Namun, Pakar komunikasi politik Universitas Paramadina, Hendri Satrio menilai, turunnya elektabilitas tersebut bisa jadi hanya di Jakarta. Tak berlaku untuk skala nasional.
Ia menambahkan, bukan hanya kali ini Ketua Umum Partai Golkar tersangkut persoalan.
Ketua umum sebelum Novanto, Aburizal Bakrie pernah diterpa kasus lumpur Lapindo.
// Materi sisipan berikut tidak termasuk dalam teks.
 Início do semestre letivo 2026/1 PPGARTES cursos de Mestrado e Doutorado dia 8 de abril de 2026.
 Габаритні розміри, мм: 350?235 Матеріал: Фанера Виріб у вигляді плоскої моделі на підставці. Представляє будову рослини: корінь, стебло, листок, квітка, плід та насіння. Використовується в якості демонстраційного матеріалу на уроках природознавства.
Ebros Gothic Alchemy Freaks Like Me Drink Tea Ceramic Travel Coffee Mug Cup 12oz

Bahkan, Akbar Tandjung yang juga sempat memimpin Golkar, pernah dipenjara.
Hendri mengatakan, setidaknya Golkar mendapat capaian baik di pemilu 2004, 2009 dan 2014.
"2004 paling baik," ucap Hendri saat dihubungi, Selasa.
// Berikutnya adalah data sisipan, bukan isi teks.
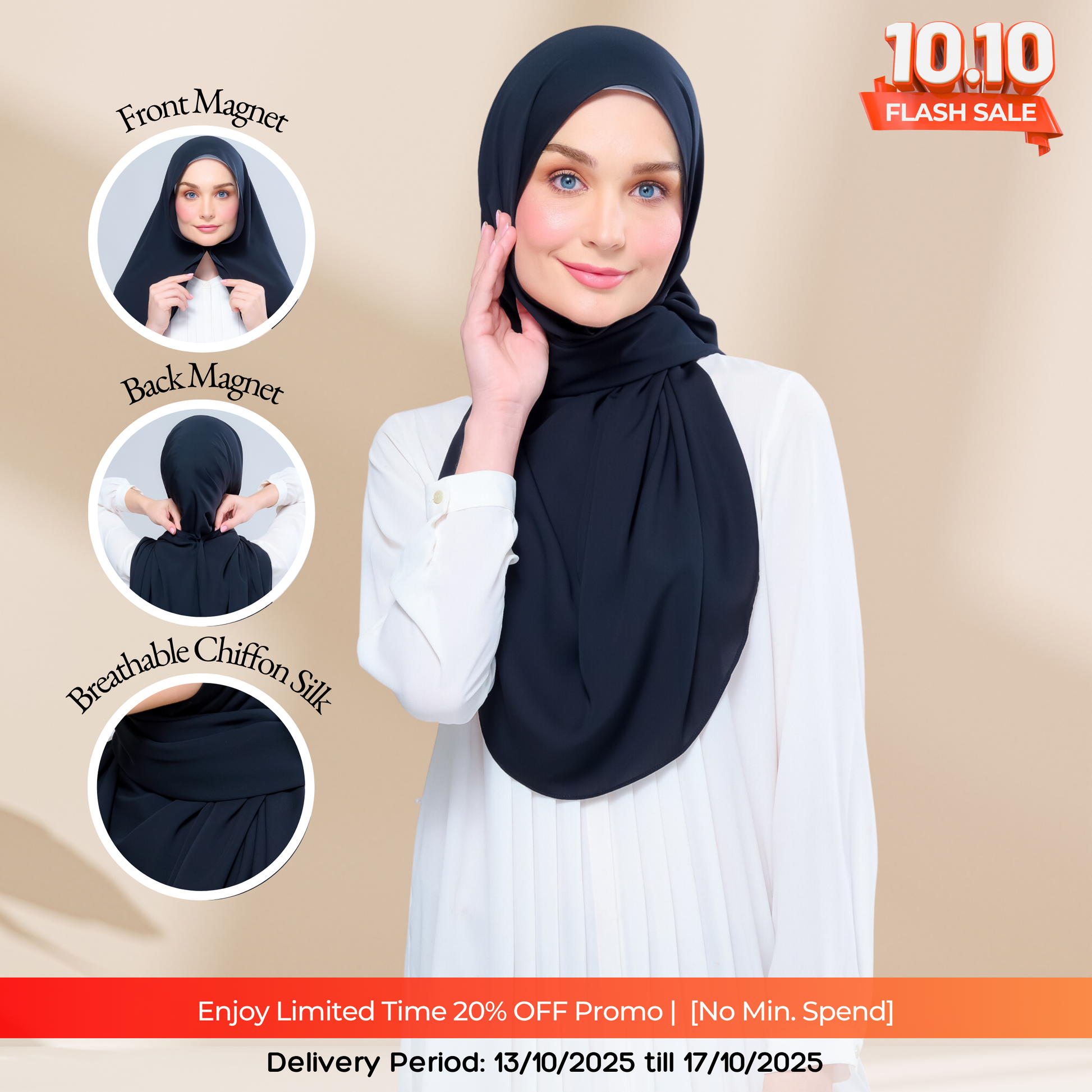 #GoPinless. Save your time for something better and Get Ready in Seconds with our Tag n' Go Collection. Your Favourite Shawl but better! Both Pairs of Magnets are adjustable to your face and body size for Full Coverage Styling.
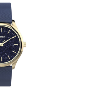 Zegarek damski Timex, model TW2V01200, to kwintesencja elegancji i wyrafinowanego stylu, symbolizująca wartości marki uznanej za synonim trwałości i precyzji. Wykonany ze stali szlachetnej z pozłacanymi elementami w kolorze żółtego złota, model ten przyciąga wzrok swoją okrągłą kopertą o średnicy 32mm i ciemną tarczą, która doskonale komponuje się z kontrastującym niebieskim paskiem gumowym. Mineralne szkło chroni zegarek przed zarysowaniami, podkreślając jego luksusowy charakter. Zegarek, dzięki wodoodporności do 50 metrów, jest także praktycznym wyborem dla kobiet ceniących aktywny styl życia.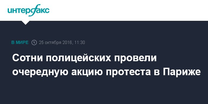 Москва. 25 октября. INTERFAX.RU - Несколько сотен сотрудников французской полиции в ночь на вторник провели новую акцию протеста в Париже, сообщает радиостанция France Info.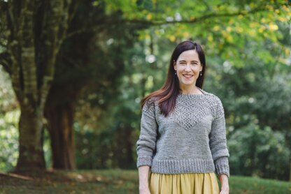 For the love of smocking! It makes such a beautiful sculptured pattern. Silven is a drop shoulder pullover with a split opening for the neck that has short rows along the top back to give a more comfortable fit at the front neck. It is made with Julie Asselin Nurtured, which shows off the smocking beautifully!
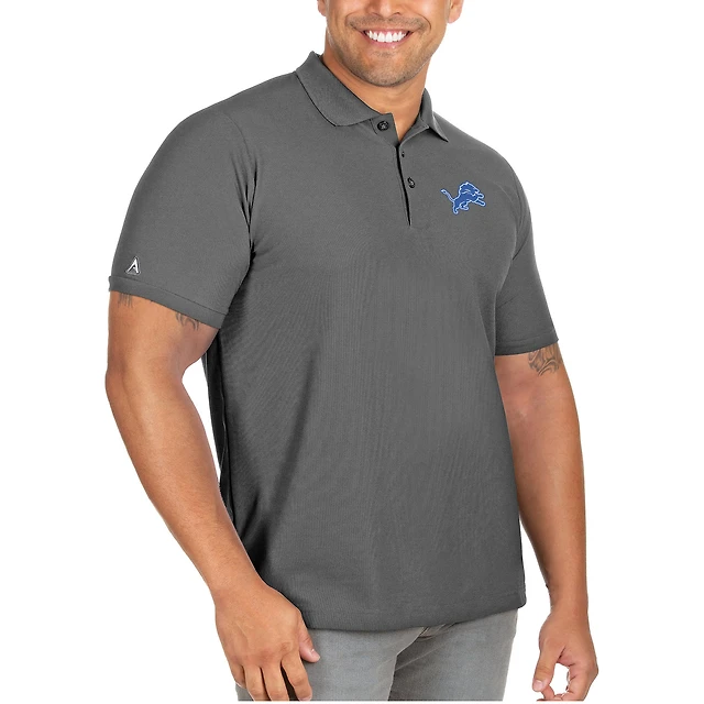 Men's Antigua Charcoal Detroit Lions Big & Tall Legacy Pique Polo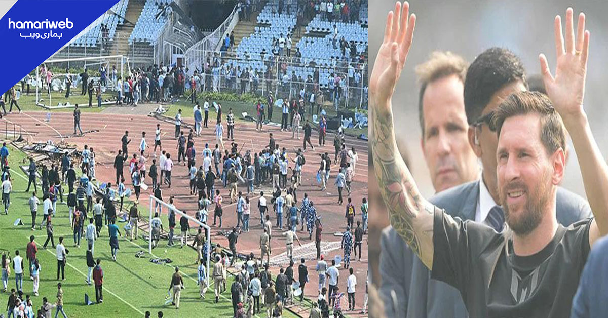 ہفتے کے تقریباً 50 ہزار تماشائی اسٹیڈیم میں موجود تھے اور ان میں سے بہت ساروں نے 12 سے بیس ہزار روپے تک کی ٹکٹس خریدی تھی صرف میسی کی ایک جھلک دیکھنے کے لیے اور جب مایہ ناز فٹبالر اسٹیڈیم پہنچے اور ان کو حکومتی عہدے داران اور فلمی ستاروں نے گھیر لیا، سیلفیاں بنانے لگے اور ان کو گراؤنڈ پر آنے کا موقع نہیں دیا تو تماشائی مشتعل ہوگئے۔

Dikutip dari Buku "Kompaspedia: Partai Politik Indonesia 1999-2019", data menunjukkan bahwa Golkar meraih peringkat pertama pada Pileg 2004 dengan 24,48 juta suara dan 127 kursi di parlemen.
Sedangkan pada 2009, meski perolehan suara turun namun Golkar bertengger di posisi kedua dengan 15,037 juta suara dan 107 kursi di parlemen.
Adapun pada 2014 lalu, Golkar masih berada di peringkat kedua dengan 118, 43 juta suara dan 91 kursi di parlemen.
Perolehan suara Golkar cukup stabil meski pimpinan tertinggi partai didera masalah.
Hendri menilai, para pemilih Golkar cenderung sudah mengakar.
(Baca: Jika Novanto Tak Bijak, Nasib Golkar Diyakini Bakal seperti Demokrat)
"Selama loyalisnya masih ada di dunia ini, Golkar akan segitu. Karena curiganya pemilih setia Golkar adalah warga-warga senior Indonesia yang memang sudah loyal," tutur dia.
Namun, poin tersebut sekaligus bisa menjadi kerugian bagi partai. Sebab, Golkar dianggap belum banyak berupaya untuk mendapatkan suara dari kaum muda.
Sehingga suaranya akan stagnan bahkan berpotensi semakin menurun. Golkar juga dinilai tak punya program yang kuat untuk menggaet anak muda.
Bahkan, mayoritas pengurus justru terlihat lebih memedulikan kepentingan pribadi masing-masing.